The 2016–17 season marked a return to the 2. Bundesliga for Erzgebirge Aue, though Hertner retained his place in the starting line-up, missing just two league matches all season. It was a largely unremarkable season for the club, finishing 14th and three points above the relegation play-off place. Hertner remained at the club for the 2017–18 season, though played a less vital role, starting just 16 games, in a season where Aue narrowly avoided relegation, finishing 16th.

===Darmstadt 98===
With his contract having not been renewed at Erzgebirge Aue, Hertner joined newly relegated 2. Bundesliga team Darmstadt 98 in the summer of 2018 on a two-year contract.
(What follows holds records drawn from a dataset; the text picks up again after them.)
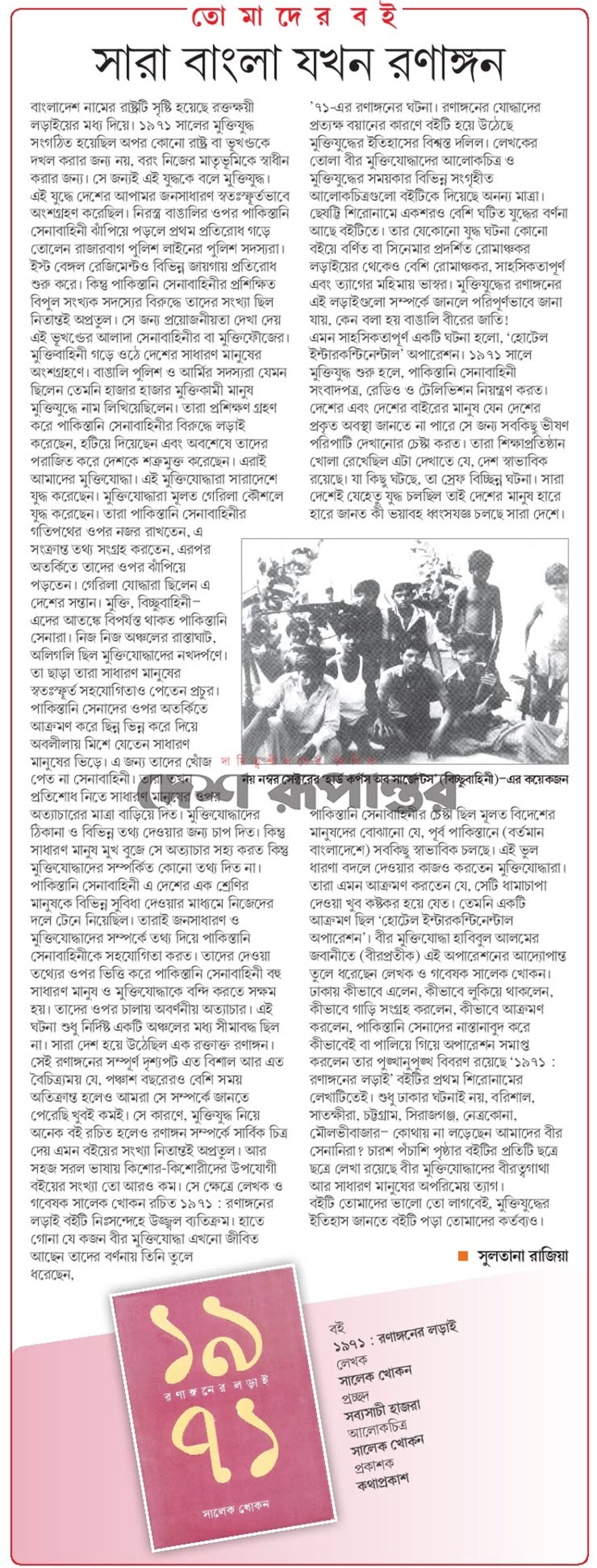 তাদের দেওয়া তথ্যের ওপর ভিত্তি করে পাকিস্তানি সেনাবাহিনী বহু সাধারণ মানুষ ও মুক্তিযোদ্ধাকে বন্দি করতে সক্ষম হয়। তাদের ওপর চালায় অবর্ণনীয় অত্যাচার। এই ঘটনা শুধু নির্দিষ্ট একটি অঞ্চলের মধ্য সীমাবদ্ধ ছিল না। সারা দেশ হয়ে উঠেছিল এক রক্তাক্ত রণাঙ্গন। সেই রণাঙ্গনের সম্পূর্ণ দৃশ্যপট এত বিশাল আর এত বৈচিত্র্যময় যে, পঞ্চাশ বছরেরও বেশি সময় অতিক্রান্ত হলেও আমরা সে সম্পর্কে জানতে পেরেছি খুবই কমই। সে কারণে, মুক্তিযুদ্ধ নিয়ে অনেক বই রচিত হলেও রণাঙ্গন সম্পর্কে সার্বিক চিত্র দেয় এমন বইয়ের সংখ্যা নিতান্তই অপ্রতুল। আর সহজ সরল ভাষায় কিশোর-কিশোরীদের উপযোগী বইয়ের সংখ্যা তো আরও কম। সে ক্ষেত্রে লেখক ও গবেষক সালেক খোকন রচিত ১৯৭১ : রণাঙ্গনের লড়াই বইটি নিঃসন্দেহে উজ্জ্বল ব্যতিক্রম।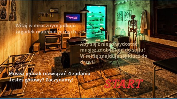 Aby się z niego wydostać musisz zdobyć kod do sejfu! W sejfie znajduje się klucz do drzwi!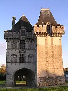 Les deux tours sont couronnées de créneaux et mâchicoulis et coiffées de hauts toits d'ardoises. Les fenêtres et une porte sont ornées de frontons sculptés.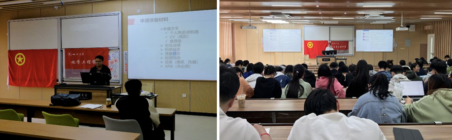 团委和四川大学“定盘星”辅导员工作室联合举办“升学大讲堂”之“留学+考研”经验分享会,于2023年4月7日下午在江安校区综合楼C座105、104教室顺利落下帷幕。本期“升学大讲堂”邀请嘉宾为2019级廖鑫柯、欧盼、唐宗剑、刘会如、佘希硕;此外,2021级辅导员李珍珍老师、付率老师以及近300名本科生参加本次活动。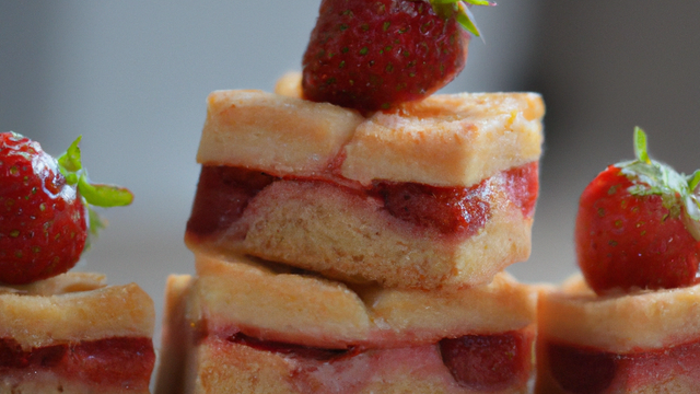 Parsemez la pâte de fruits. J'ai choisis les fraises parce qu'on est en pleine saison, mais vous pouvez très bien faire avec d'autres fruits : framboises, myrtilles, pommes, poires, bananes... Faites cuire pendant 30/40 min à 160 degrés et laissez bien refroidir avant de découper et de déguster au risque de vous brûler mais aussi que les 3 couches se cassent.
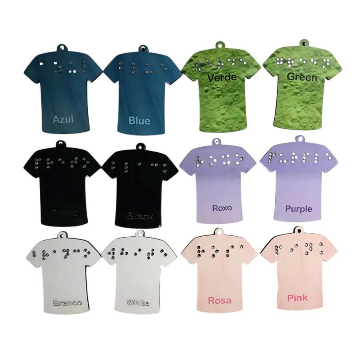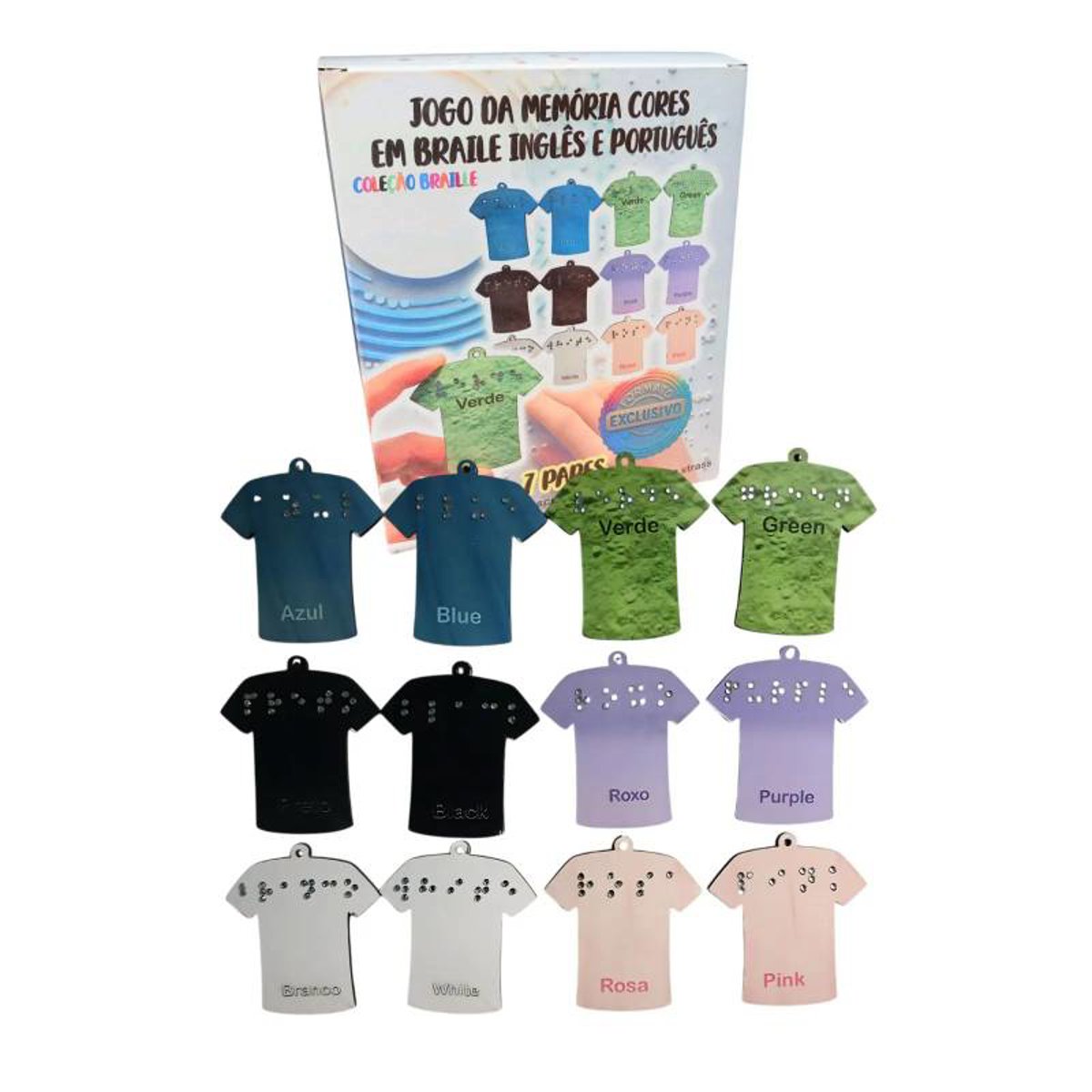 NOVOJogo da Memória Educativo Aprendendo Ingles em Braille 7 pares Descubra o Jogo da Memória Educativo Aprendendo Ingles em Braille 7 pares, um jogo de memória inclusivo e educativo com 7 pares de camisetas coloridas. Cada peça traz o nome da cor em dois idiomas, português e inglês, com escrita em braille detalhada com strass, promovendo a acessibilidade tátil e visual. Ideal para crianças e adultos, estimula a percepção sensorial, o aprendizado bilíngue e a memória. - 7 pares de camisetas em cores variadas e contrastantes - Texto em português e inglês para ampliar o vocabulário - Escrita em braille em strass para leitura tátil e acessibilidade - Material resistente e acabamento de alta qualidade - Estimula cognição, linguagem e inclusão social Transforme o aprendizado em diversão enquanto desenvolve habilidades essenciais com este jogo único e comprovadamente eficaz em ambientes escolares e familiares. Aumente a interação e conscientização sobre a diversidade sensorial. Características do Prouduto: Quantidade de peças : 14 peças ( 7 pares) Escrita em Braille feita com strass termocolante resistente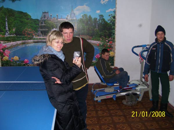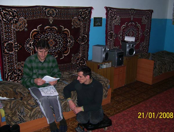 Меня впечатлил Алёша Романов – подросток лет 15, с последствиями ДЦП и нарушениями речи. Ещё в первый наш приезд в Калиновку, когда я увидел Алёшу в палате для лежачих детей, я обратил внимание на его взгляд. Это не был взгляд ребёнка с диагнозом «идиотия», по словам персонала совершенно необучаемого. Да, Лёша говорит с большим трудом – но, пообщавшись с ним, понимаешь, что это результат ДЦП, а не умственной отсталости. При желании Алёшу можно понять. К примеру, Лёша внезапно собрал в стопку все книги (их было 12), и принялся их считать. Я прислушался, и смог уверенно разобрать его счёт. Алёша правильно сосчитал до 12. Затем он стал узнавать и безошибочно находить многие буквы в тексте. Это меня поразило. Ребёнок, который около 10 лет находится в детдоме для умалишённых, в огромной группе из 30 практически не управляемых пацанов, не имея никаких возможностей для реабилитации, подаёт мне знак: «Я –личность! Я – не растение! Я умею считать! Я ещё чему-то смогу научиться! Помогите мне выкарабкаться из этой ситуации!!!»

He made his competitive debut for Darmstadt on 5 August 2018, coming on as an 80th-minute substitute in a 1–0 win against Paderborn 07 in their opening game of the season. However, first-team opportunities for Hertner were limited and he made just five appearances in all competitions across the 2018–19 season, and played just twice during the 2019–20 season. He was released by Darmstadt in summer 2020.

===VfB Lübeck===
Hertner signed a one-year contract with 3. Liga side VfB Lübeck in September 2020. He transferred to Türkgücü München in June 2021.

===Later career===
On 23 January 2022, Hertner joined BFC Dynamo and stayed there for half a year. He joined FC Teutonia Ottensen in September 2022, and transferred to ETSV Hamburg in summer 2024, alongside fellow Teutonia Ottensen players Tjorben Uphoff and Ridel Monteiro. He remained at the club until his death in December 2025.

==International career==
Hertner appeared for the Germany under-18 team and the under-19 team, having made 14 appearances for the former and five for the latter.

==Death==
Hertner died in a ski lift accident on Savin Kuk in Žabljak, Montenegro, on 21 December 2025. The collision of two chairlifts caused him to fall 70 meters. Hertner's wife was injured after being trapped in the ski lift but was eventually rescued. He was 34.